RDA1 is our most informative axis. PC1 does explain noticeably more than RDA2, which is maybe not ideal, but there clearly is value in running the RDA.

#### Multiscale Ordination (MSO)

First, we can run a MSO using undetrended data.

# Initial RDA with distance from river as explanatory variable
river.rda <- rda(data,riv.dist)

#Multiscale ordination
river.mso <- mso(river.rda,trans.dist,  perm=999)

#Plot
msoplot(river.mso, ylim=c(0,15000), xlim=c(-20,40))

## Error variance of regression model underestimated by 4.2 percent

Now we can run a MSO using detrended data.

# Initial RDA with distance from river as explanatory variable
river.rda2 <- rda(data.det,riv.dist)

#Multiscale ordination
river.mso2 <- mso(river.rda2,trans.dist,  perm=999)

#Plot
msoplot(river.mso2)

## Error variance of regression model underestimated by 3.8 percent

### Discussion Questions

1. When is MEM/PCNM the most appropriate method to use, and when is MSO the most appropriate method to use?

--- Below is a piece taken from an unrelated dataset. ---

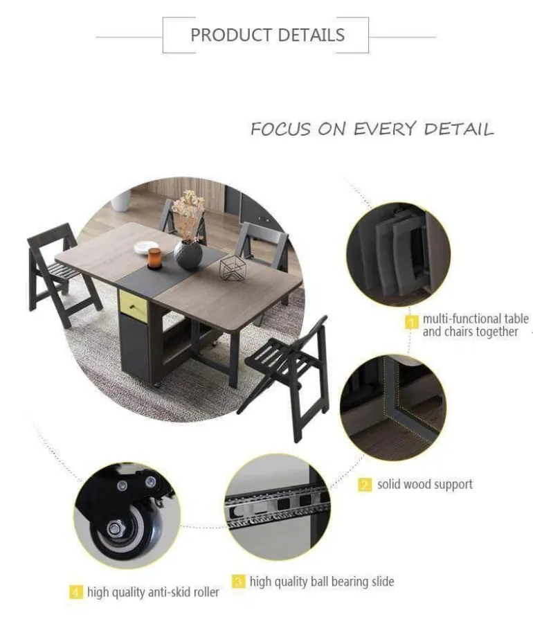 Dieses moderne Esstisch-Set aus Holz besticht durch sein schlichtes, minimalistisches Design, das den Platz optimal nutzt und sich perfekt für Wohnungen eignet, in denen jeder Quadratmeter zählt. Das klappbare Design ermöglicht eine mühelose Umgestaltung und schafft wertvollen Platz, wenn der Tisch nicht gebraucht wird.
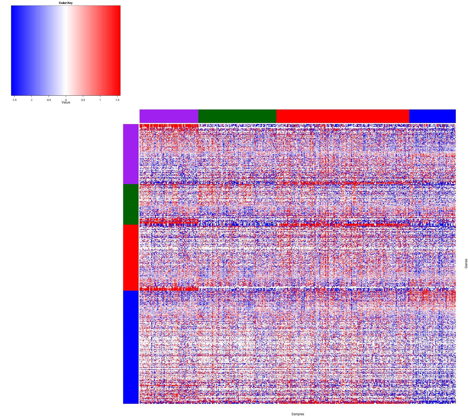 Figure 1. Get High-res Image Samples were separated into 4 clusters. Shown are 478 samples and 732 marker miRs. The color bar of the row indicates the marker miRs for the corresponding cluster.

2. Are there circumstances in which it would be inappropriate to use either of these methods?

3. In what circumstances would we find significant PCNM axes at both the broad and fine scale?

4. Can you think of any examples in which you might apply either of these methods to your data?

5. When would you want to run a MSO using undetrended data, and when would you want to use detrended data?

6. When would it be most appropriate to use MEM and when would it be most appropriate to use PCNM?